# EXCERPTED RECORDS:
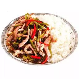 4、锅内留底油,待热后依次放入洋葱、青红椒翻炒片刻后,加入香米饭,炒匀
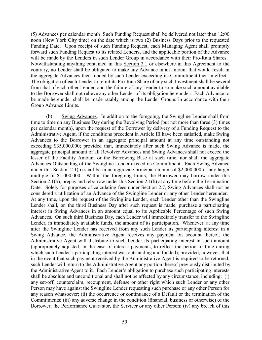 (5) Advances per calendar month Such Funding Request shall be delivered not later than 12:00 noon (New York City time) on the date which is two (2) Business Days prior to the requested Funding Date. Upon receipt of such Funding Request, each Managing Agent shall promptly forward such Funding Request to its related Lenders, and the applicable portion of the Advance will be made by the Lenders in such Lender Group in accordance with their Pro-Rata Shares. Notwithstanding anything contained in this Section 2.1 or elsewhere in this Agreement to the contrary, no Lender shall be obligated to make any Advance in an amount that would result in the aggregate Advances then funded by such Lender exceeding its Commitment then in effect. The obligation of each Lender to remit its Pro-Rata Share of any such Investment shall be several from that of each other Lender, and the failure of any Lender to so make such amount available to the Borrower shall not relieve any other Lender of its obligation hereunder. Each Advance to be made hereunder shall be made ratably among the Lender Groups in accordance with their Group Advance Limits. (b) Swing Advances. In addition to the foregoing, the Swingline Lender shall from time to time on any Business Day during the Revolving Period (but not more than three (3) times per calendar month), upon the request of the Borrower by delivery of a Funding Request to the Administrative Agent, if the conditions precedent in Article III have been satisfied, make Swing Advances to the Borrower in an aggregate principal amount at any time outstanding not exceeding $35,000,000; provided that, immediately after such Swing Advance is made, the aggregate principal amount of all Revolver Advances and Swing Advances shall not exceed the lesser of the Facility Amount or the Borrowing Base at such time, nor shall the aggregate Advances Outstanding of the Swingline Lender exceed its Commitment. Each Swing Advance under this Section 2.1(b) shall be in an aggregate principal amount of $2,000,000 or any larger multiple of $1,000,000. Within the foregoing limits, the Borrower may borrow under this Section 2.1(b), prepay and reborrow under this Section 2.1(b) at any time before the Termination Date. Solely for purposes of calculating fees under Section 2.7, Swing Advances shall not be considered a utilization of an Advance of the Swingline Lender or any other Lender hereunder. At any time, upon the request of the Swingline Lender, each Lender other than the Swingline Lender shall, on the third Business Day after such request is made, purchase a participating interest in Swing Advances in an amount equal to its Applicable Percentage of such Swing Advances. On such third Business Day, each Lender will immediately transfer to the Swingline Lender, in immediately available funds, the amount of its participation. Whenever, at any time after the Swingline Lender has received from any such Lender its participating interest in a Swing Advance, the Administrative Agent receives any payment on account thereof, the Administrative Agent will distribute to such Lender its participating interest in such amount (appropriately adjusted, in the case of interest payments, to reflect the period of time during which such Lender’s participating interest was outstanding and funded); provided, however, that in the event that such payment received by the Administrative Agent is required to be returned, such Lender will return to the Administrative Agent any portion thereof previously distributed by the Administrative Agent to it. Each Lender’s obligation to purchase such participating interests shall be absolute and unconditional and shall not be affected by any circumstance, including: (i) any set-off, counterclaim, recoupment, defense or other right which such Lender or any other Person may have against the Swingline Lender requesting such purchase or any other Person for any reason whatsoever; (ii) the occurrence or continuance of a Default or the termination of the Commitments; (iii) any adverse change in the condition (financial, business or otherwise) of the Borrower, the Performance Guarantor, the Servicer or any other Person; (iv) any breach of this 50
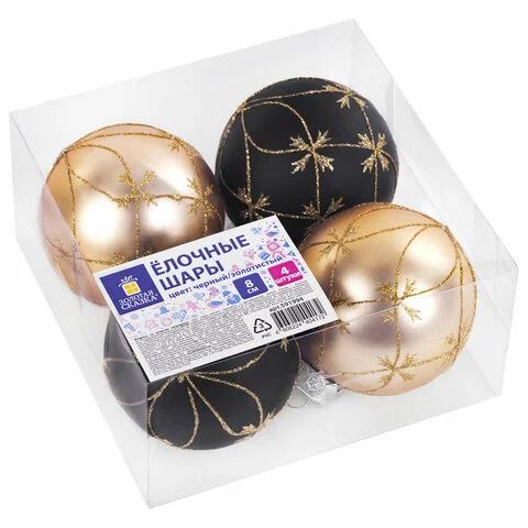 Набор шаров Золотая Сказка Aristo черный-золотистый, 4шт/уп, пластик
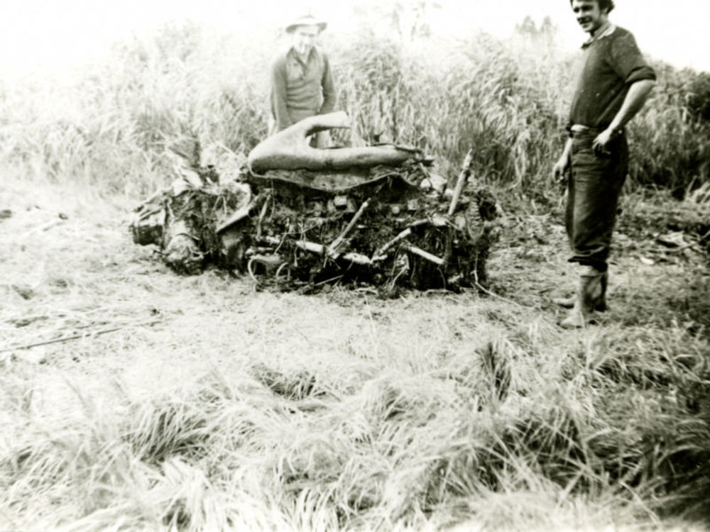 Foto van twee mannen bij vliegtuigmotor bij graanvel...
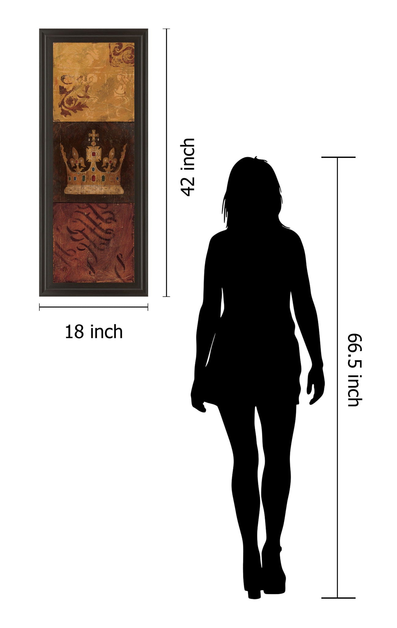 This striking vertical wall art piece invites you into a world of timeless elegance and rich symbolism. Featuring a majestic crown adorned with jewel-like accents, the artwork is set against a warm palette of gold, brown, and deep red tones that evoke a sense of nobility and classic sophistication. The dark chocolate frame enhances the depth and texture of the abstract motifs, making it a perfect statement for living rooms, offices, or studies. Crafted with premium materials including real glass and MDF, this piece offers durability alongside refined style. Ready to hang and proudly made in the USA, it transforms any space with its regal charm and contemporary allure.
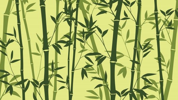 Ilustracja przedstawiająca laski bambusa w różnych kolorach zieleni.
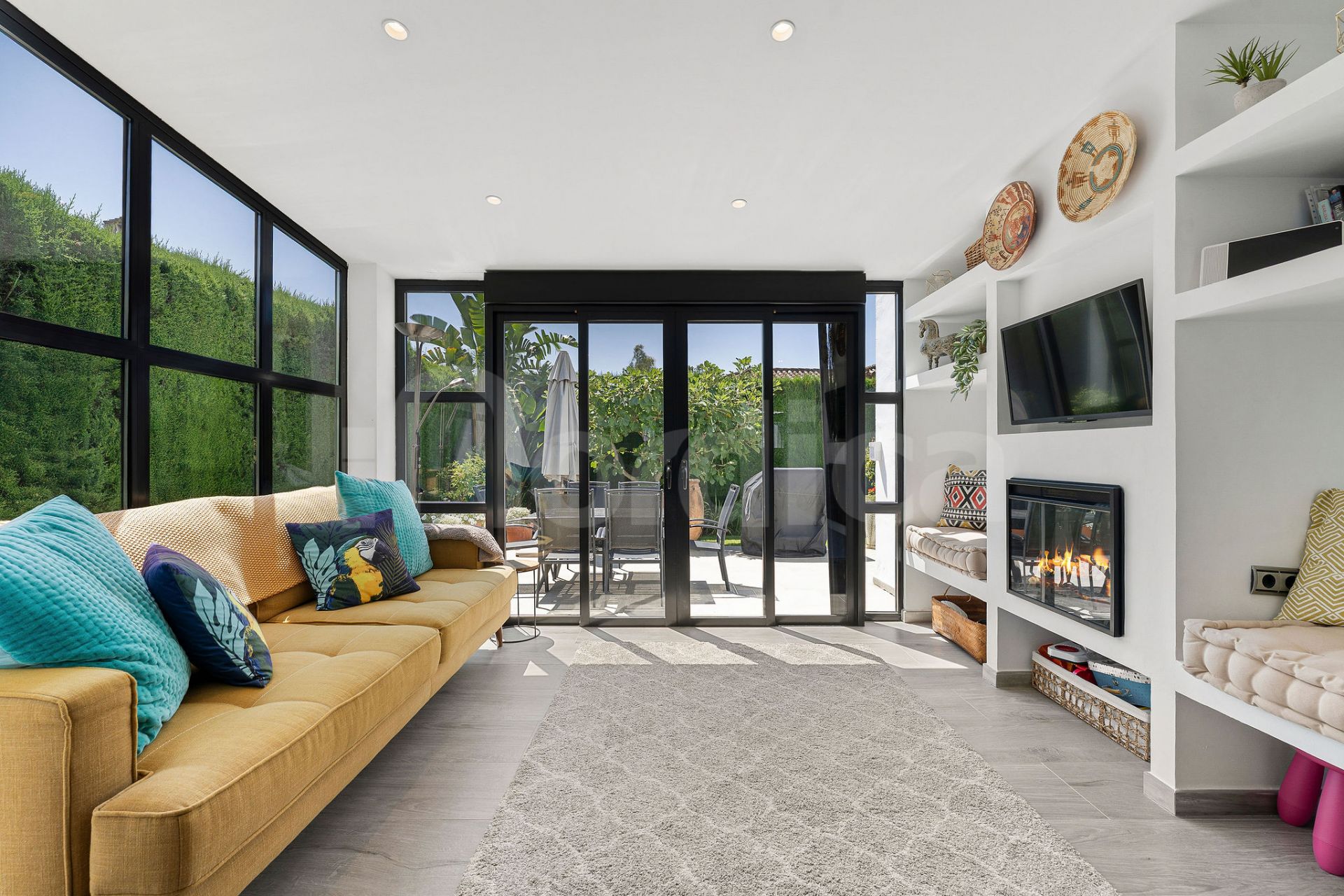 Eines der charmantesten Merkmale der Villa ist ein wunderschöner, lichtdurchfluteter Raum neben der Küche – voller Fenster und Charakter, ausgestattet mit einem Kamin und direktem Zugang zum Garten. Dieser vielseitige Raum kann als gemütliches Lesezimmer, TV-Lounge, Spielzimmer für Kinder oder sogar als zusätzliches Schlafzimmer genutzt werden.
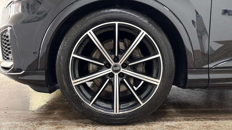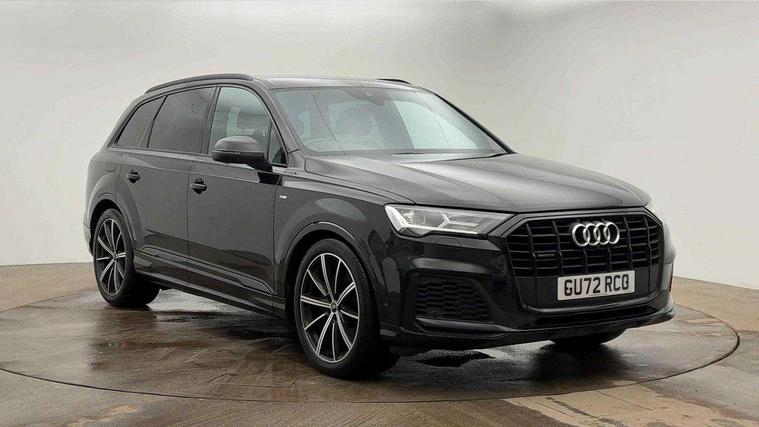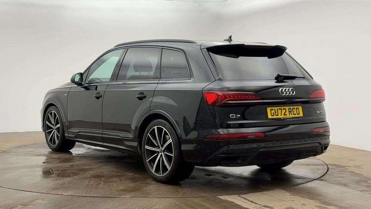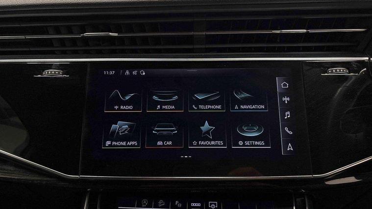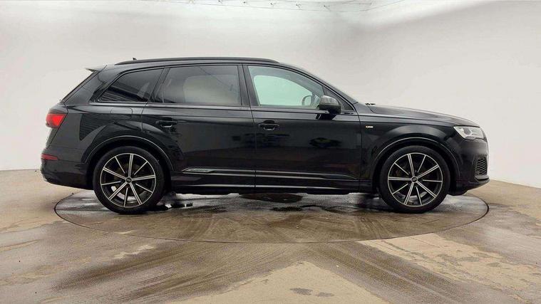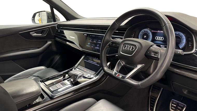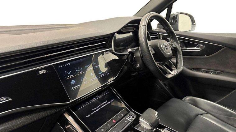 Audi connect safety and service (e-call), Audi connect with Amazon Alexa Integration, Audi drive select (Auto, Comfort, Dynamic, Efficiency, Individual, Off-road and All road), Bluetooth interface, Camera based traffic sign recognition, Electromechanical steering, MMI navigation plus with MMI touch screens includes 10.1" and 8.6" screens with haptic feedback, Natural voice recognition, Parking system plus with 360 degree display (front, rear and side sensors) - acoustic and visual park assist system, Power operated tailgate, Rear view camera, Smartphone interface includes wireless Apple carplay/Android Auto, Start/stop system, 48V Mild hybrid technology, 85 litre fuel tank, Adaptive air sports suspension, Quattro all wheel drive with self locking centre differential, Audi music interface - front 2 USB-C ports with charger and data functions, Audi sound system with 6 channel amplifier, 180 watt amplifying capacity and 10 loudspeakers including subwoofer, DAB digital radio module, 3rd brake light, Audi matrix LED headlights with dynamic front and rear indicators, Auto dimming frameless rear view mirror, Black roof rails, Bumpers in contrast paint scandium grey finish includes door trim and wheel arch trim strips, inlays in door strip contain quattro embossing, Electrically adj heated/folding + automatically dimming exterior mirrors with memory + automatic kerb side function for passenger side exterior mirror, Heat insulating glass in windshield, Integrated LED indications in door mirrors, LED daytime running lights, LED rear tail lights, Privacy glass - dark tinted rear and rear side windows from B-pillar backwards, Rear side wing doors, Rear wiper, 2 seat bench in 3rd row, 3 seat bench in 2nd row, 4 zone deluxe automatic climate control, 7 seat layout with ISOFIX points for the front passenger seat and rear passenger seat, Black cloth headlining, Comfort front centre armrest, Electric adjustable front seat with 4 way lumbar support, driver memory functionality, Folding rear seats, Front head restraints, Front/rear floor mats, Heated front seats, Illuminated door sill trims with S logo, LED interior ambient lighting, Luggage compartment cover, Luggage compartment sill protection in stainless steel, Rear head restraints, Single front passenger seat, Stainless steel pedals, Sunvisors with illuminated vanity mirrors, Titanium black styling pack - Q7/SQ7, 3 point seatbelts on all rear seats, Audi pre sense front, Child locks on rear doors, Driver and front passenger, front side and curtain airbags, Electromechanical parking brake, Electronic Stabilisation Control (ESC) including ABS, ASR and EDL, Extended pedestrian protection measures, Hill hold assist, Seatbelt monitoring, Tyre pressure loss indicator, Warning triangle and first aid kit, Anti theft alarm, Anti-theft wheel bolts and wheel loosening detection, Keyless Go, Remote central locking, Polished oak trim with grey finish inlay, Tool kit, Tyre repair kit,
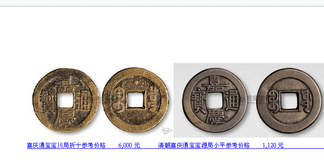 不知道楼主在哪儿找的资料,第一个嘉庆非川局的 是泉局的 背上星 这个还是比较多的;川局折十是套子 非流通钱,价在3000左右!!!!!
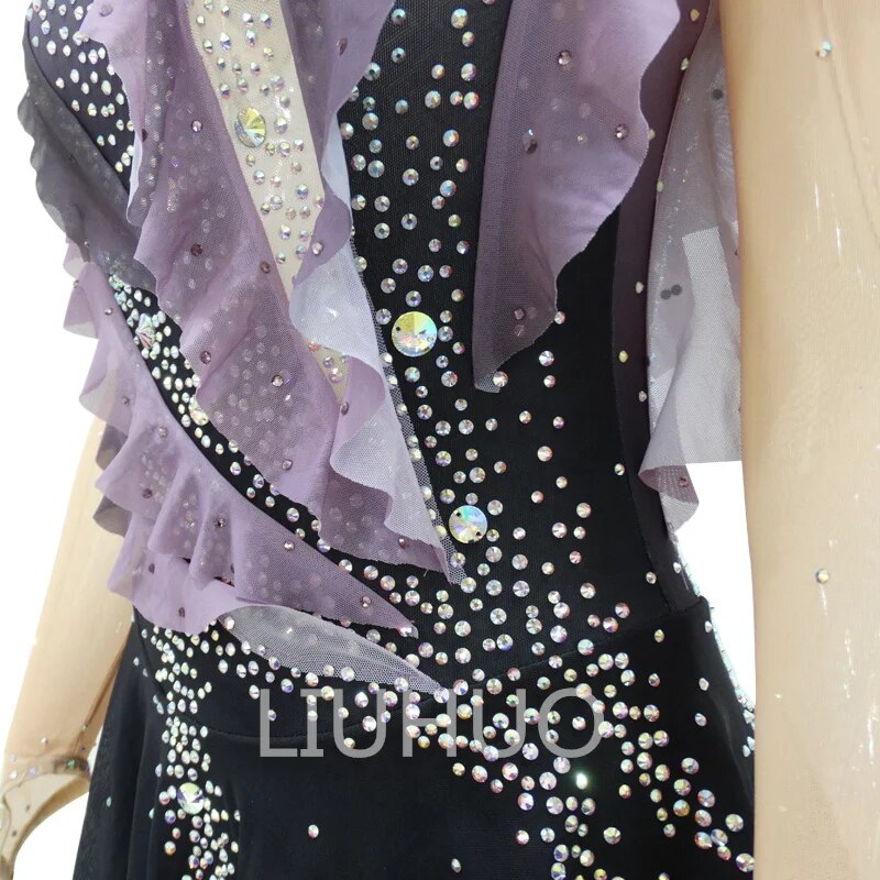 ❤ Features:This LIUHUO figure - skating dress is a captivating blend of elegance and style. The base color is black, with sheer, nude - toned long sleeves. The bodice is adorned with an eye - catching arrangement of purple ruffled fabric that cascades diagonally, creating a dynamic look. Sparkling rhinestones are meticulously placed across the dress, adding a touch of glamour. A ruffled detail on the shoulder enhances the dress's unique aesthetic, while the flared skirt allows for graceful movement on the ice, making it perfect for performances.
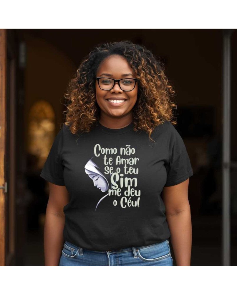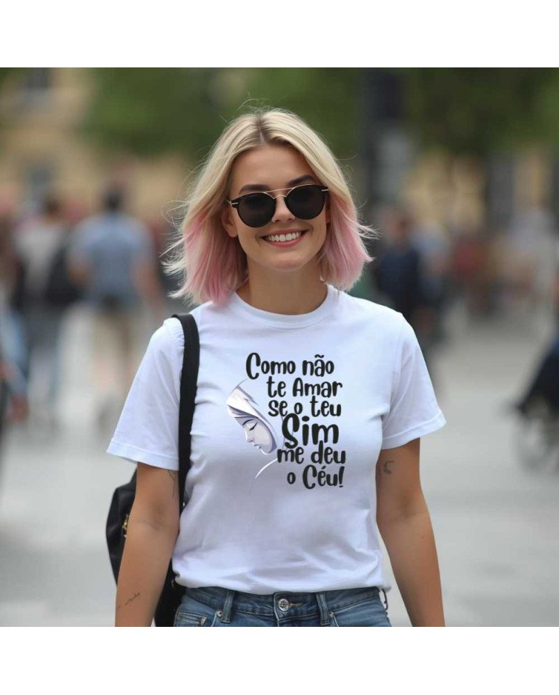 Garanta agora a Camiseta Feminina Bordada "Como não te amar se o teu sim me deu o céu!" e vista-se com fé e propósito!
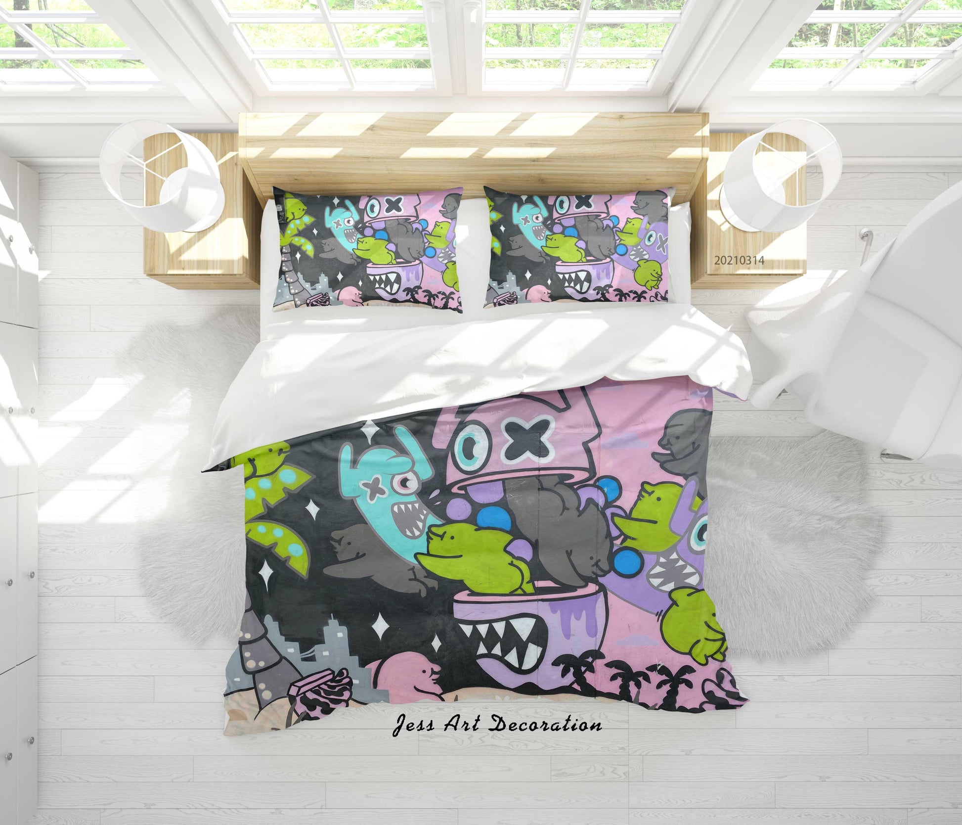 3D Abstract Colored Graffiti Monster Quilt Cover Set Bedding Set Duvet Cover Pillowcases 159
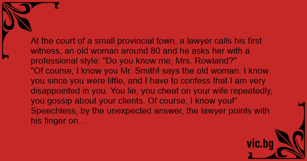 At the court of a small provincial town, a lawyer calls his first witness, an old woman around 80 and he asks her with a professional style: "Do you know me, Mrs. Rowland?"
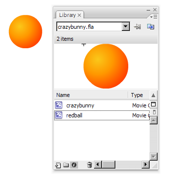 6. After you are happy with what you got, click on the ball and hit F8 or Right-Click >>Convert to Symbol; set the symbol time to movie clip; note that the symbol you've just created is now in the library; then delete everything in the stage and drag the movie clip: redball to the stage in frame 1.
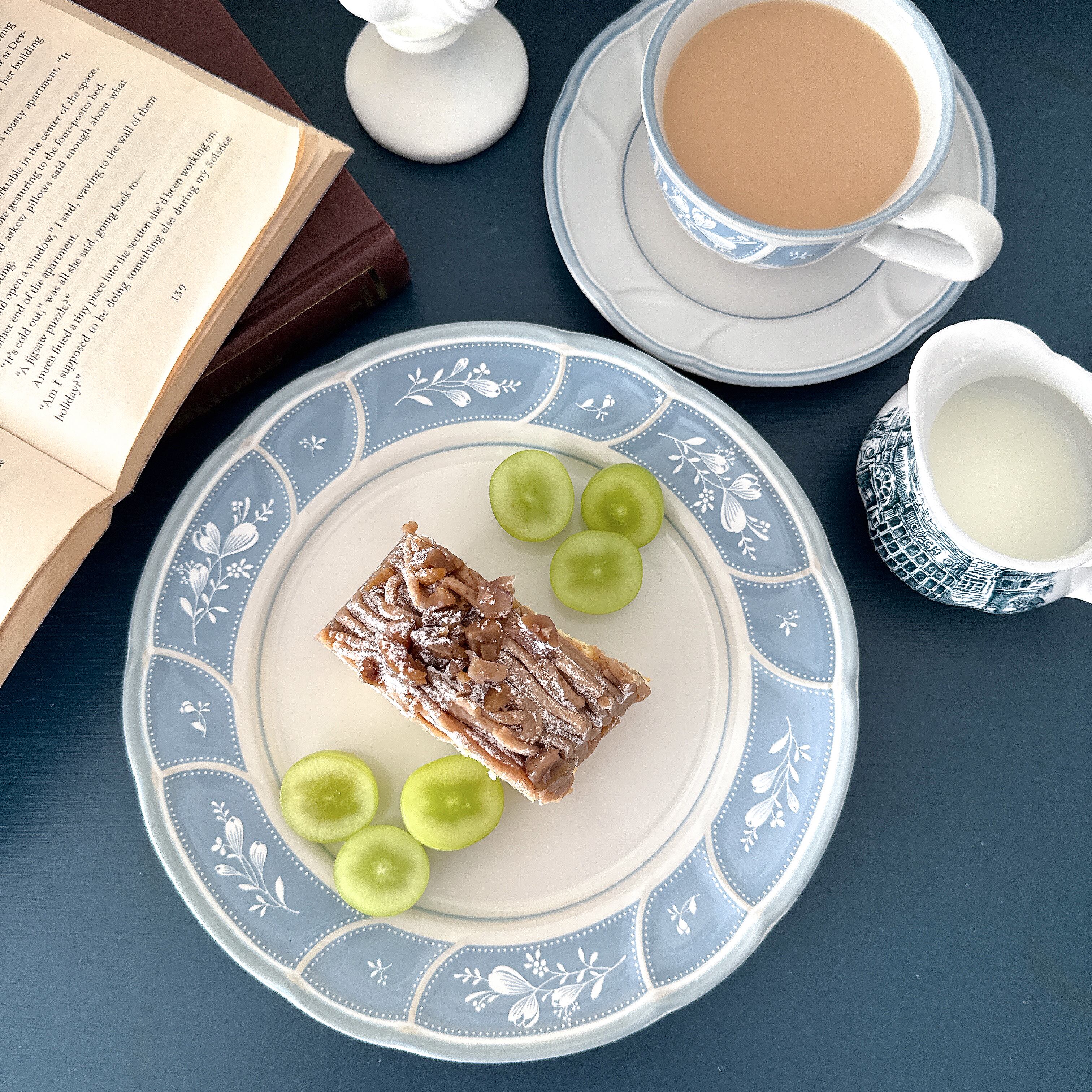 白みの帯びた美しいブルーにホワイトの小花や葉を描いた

# EXERCISE DETAILS:
Extract the lines beginning with the one that contains "perfect for performances." and ending with the last line of the listing. Keep them exact and drop the pictures.

# WRITTEN RESPONSE:
 ❤ Features:This LIUHUO figure - skating dress is a captivating blend of elegance and style. The base color is black, with sheer, nude - toned long sleeves. The bodice is adorned with an eye - catching arrangement of purple ruffled fabric that cascades diagonally, creating a dynamic look. Sparkling rhinestones are meticulously placed across the dress, adding a touch of glamour. A ruffled detail on the shoulder enhances the dress's unique aesthetic, while the flared skirt allows for graceful movement on the ice, making it perfect for performances.
 Garanta agora a Camiseta Feminina Bordada "Como não te amar se o teu sim me deu o céu!" e vista-se com fé e propósito!
 3D Abstract Colored Graffiti Monster Quilt Cover Set Bedding Set Duvet Cover Pillowcases 159
 At the court of a small provincial town, a lawyer calls his first witness, an old woman around 80 and he asks her with a professional style: "Do you know me, Mrs. Rowland?"
 6. After you are happy with what you got, click on the ball and hit F8 or Right-Click >>Convert to Symbol; set the symbol time to movie clip; note that the symbol you've just created is now in the library; then delete everything in the stage and drag the movie clip: redball to the stage in frame 1.
 白みの帯びた美しいブルーにホワイトの小花や葉を描いた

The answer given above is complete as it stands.